El valor del tiempo es relativo. Hay ratos que no sirven para nada, y otros que están tan llenos de contenido que vuelcan nuestra vida por completo. Nos hacen perder el control, que es algo muy molesto cuando sabes que te están observando. ¿Han leído ustedes Novecento? Un librito interesantísimo, escrito en los 90 por Alessandro Baricco. Un bebé es abandonado en un gran barco, y el buque se pasa el año cruzando el océano Atlántico para llevar pasajeros de Europa a Estados Unidos, viceversa. Uno de los marineros lo adopta de forma extra oficial, y el niño —al que llama Novecento— crece y nunca baja de la nave. Al principio no lo hace por temas de papeleo, pues a efectos burocráticos no existe. Después —y ya fallecido su padre adoptivo—, por miedo a perder el control. Dentro de aquel enorme barco la vida florece y es contada por miles de nuevos pasajeros todo el tiempo, pero los límites del infinito se dibujan con precisión, pues siguen las líneas del buque. El muchacho tiene, además, un don: es un pianista extraordinario, autodidacta. Su música dispone del poder del océano, y otorga al que escucha el baile y el ritmo del agua, en una melodía que tiene el color de un jazz sobrenatural. Pero el chico sigue creciendo y se convierte en hombre, y la vida late ahí fuera. ¿Se decidirá a bajar de la nave, por fin? ¿Perderá, si lo hace, el don que le hace dueño de la música? No se apuren, no pienso contárselo y estropearles la novela. Si la historia es buena, el final suele ser el que da completo sentido al conjunto.

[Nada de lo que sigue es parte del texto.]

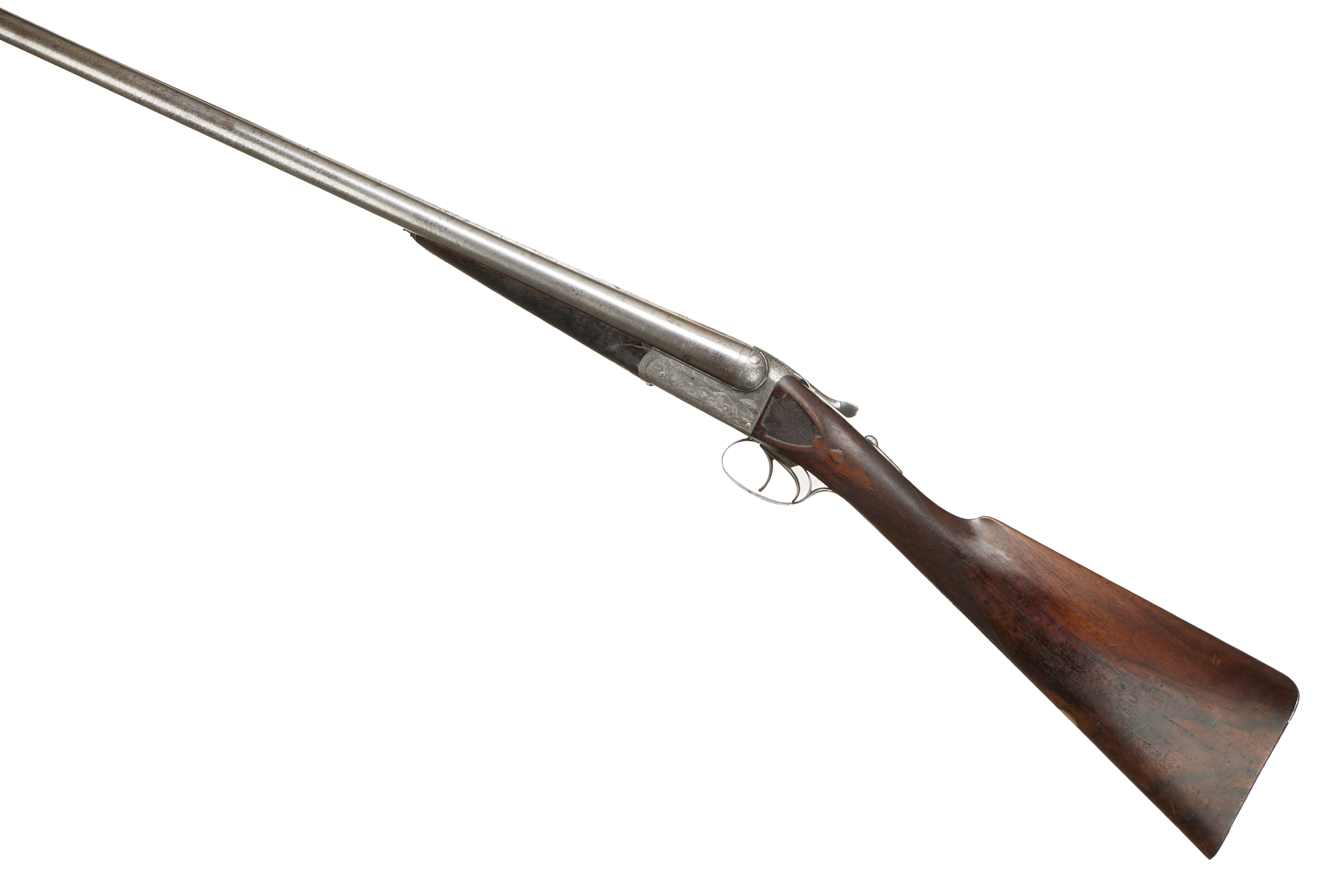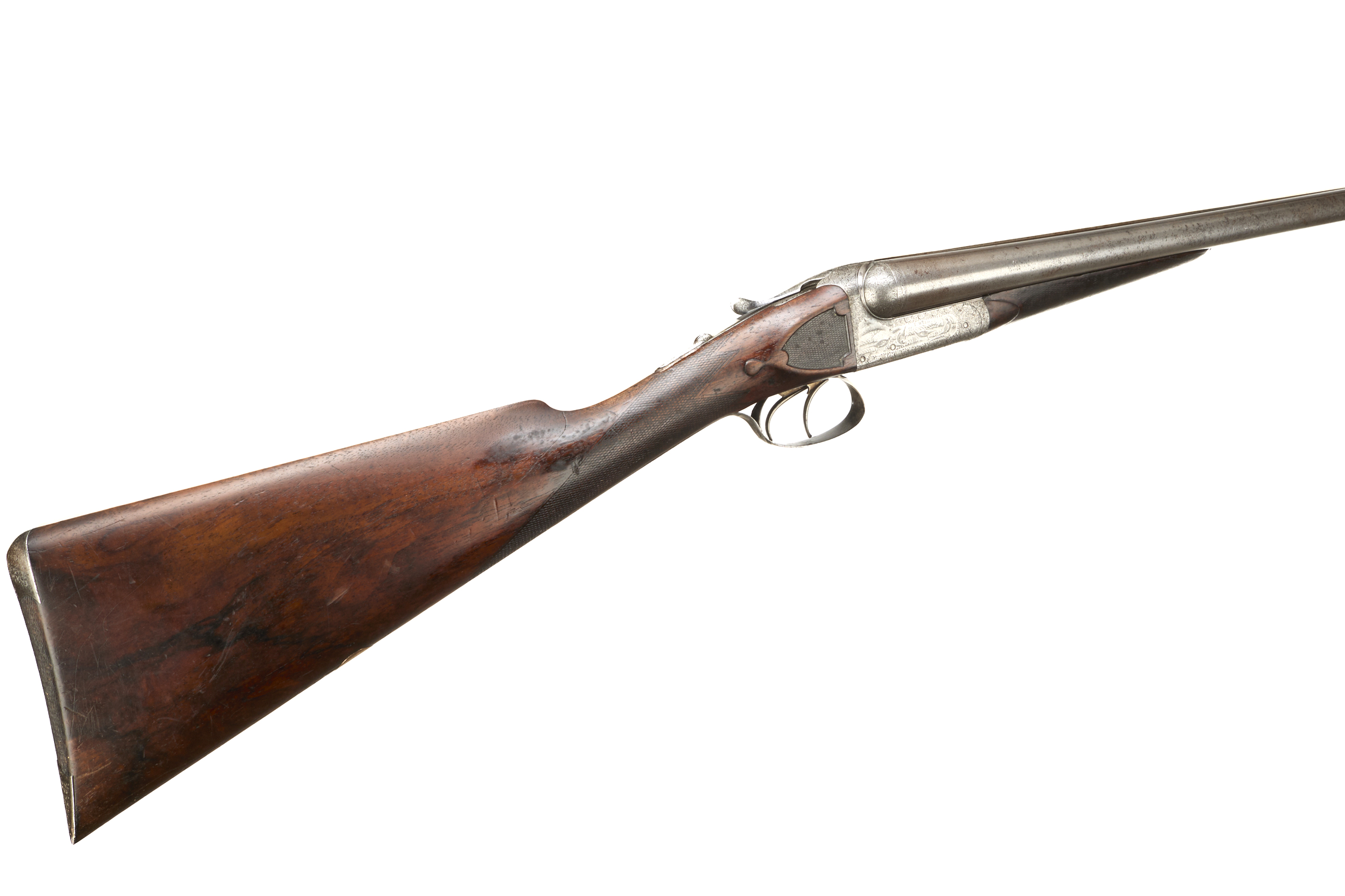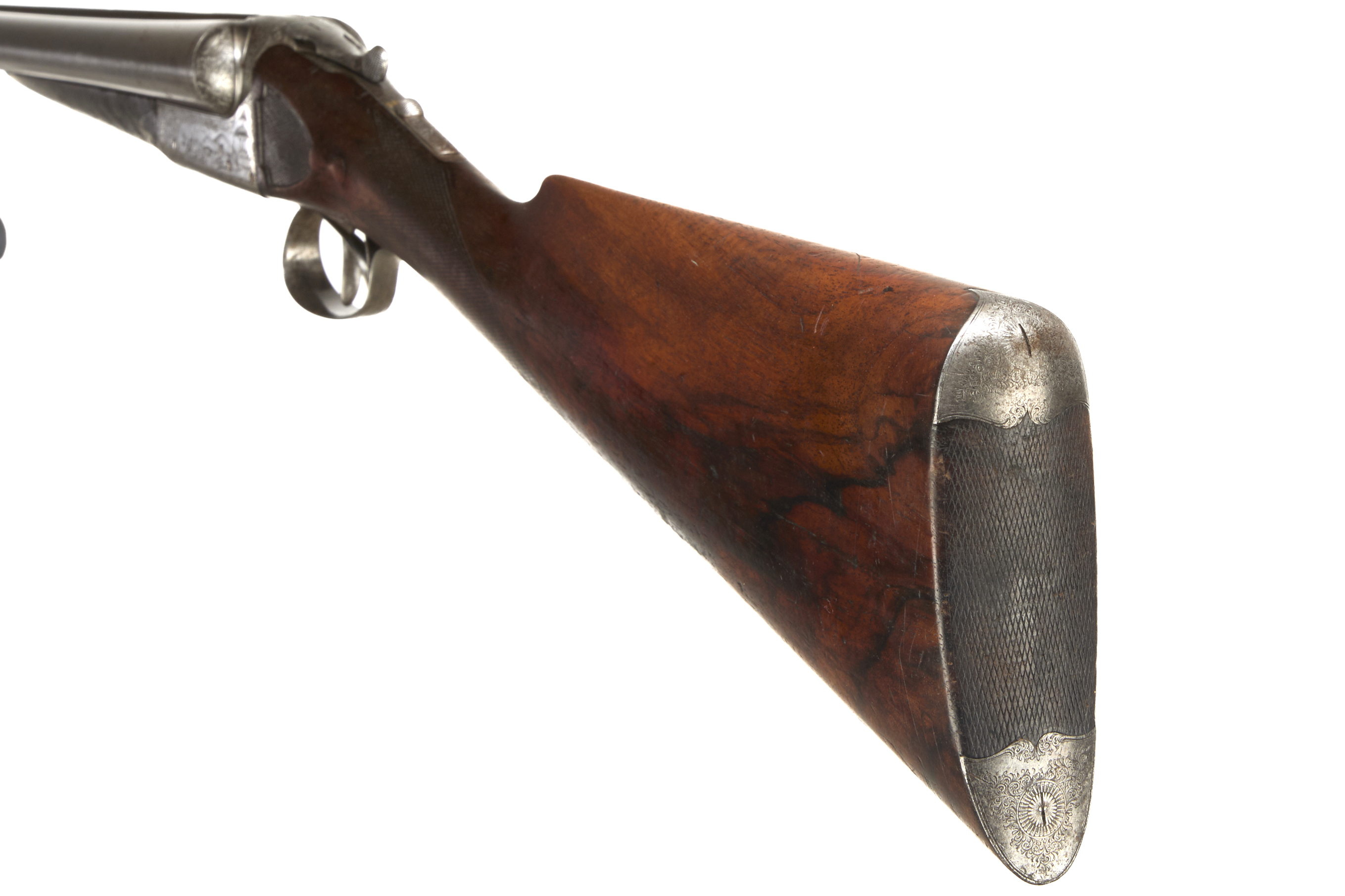 Finely embellished steel tips to heel and toe, chequered butt straight grip and forend. Damascus, black powder proof barrels with broad rib, engraved ‘1’, ‘T. WILD. 35 WHITTALL STREET. BIRMINGHAM’. Cross-bolt extension, the action finely engraved with blackcock and pheasants amid a Highland scene to the sides, a bustard to the top lever and dogs to the trigger guard. The interstices filled with the finest acanthus scrolling. Wonderful. Black powder proof pre-1896.

La historia de Novecento provoca una irremediable reflexión: ¿será mejor hacer como él, refugiarse en un mundo pequeño y controlable, en vez de vivir en esta inabarcable jaula de grillos? Porque mientras les escribo estas líneas —y hasta que ustedes las lean— pueden haber sucedido muchísimas cosas que escapen a nuestro control: estoy casi segura de que ya habrá surgido un nuevo festival de novela negra en alguna parte, y de que todavía estaremos debatiendo con la RAE el uso del acento con el adverbio sólo y con los pronombres demostrativos este, ese y aquel. También estoy lamentablemente convencida de que seguirán envenenando a niñas en Irán para que no vayan a la escuela, y de que nosotros nos horrorizaremos un rato para después colgar una foto en Instagram. Total, ¿acaso somos políticos o disponemos de cargos en la ONU o en la OTAN que puedan hacer presión? La mayoría de los presentes, no. Pues entonces.
Sin embargo, el indomable ritmo de la música de Novecento va escalando por nuestro interior y comienza a volar, provocándonos. Tal vez pudiésemos hacer algo para que el mundo no se fuese tan pronto a la mierda, aunque da vértigo bajarse de ese barco y perder el control. Como si no tuviésemos ya bastante con lo nuestro. No parece muy inteligente zambullirse en el caos de forma deliberada, pero hay dramas, e injusticias, que tenemos obligación de transmitir. Como dice uno de los personajes de Baricco en la novela, «no estás jodido verdaderamente mientras tengas una buena historia a cuestas y alguien a quien contársela». Lo malo de esta historia de Irán es que carece de cliffhangers, giros narrativos dramáticos o golpes de efecto. No es buena para entretener al público, pero debe ser plasmada, al igual que el reflejo de esas muchachas silenciadas debiera verse de forma nítida y clara en un espejo, como si fuese un grito. Bajemos del barco y confiemos en que siga sonando la música del piano de Novecento, aunque con el tiempo su melodía solo tenga el sabor de un eco lejano.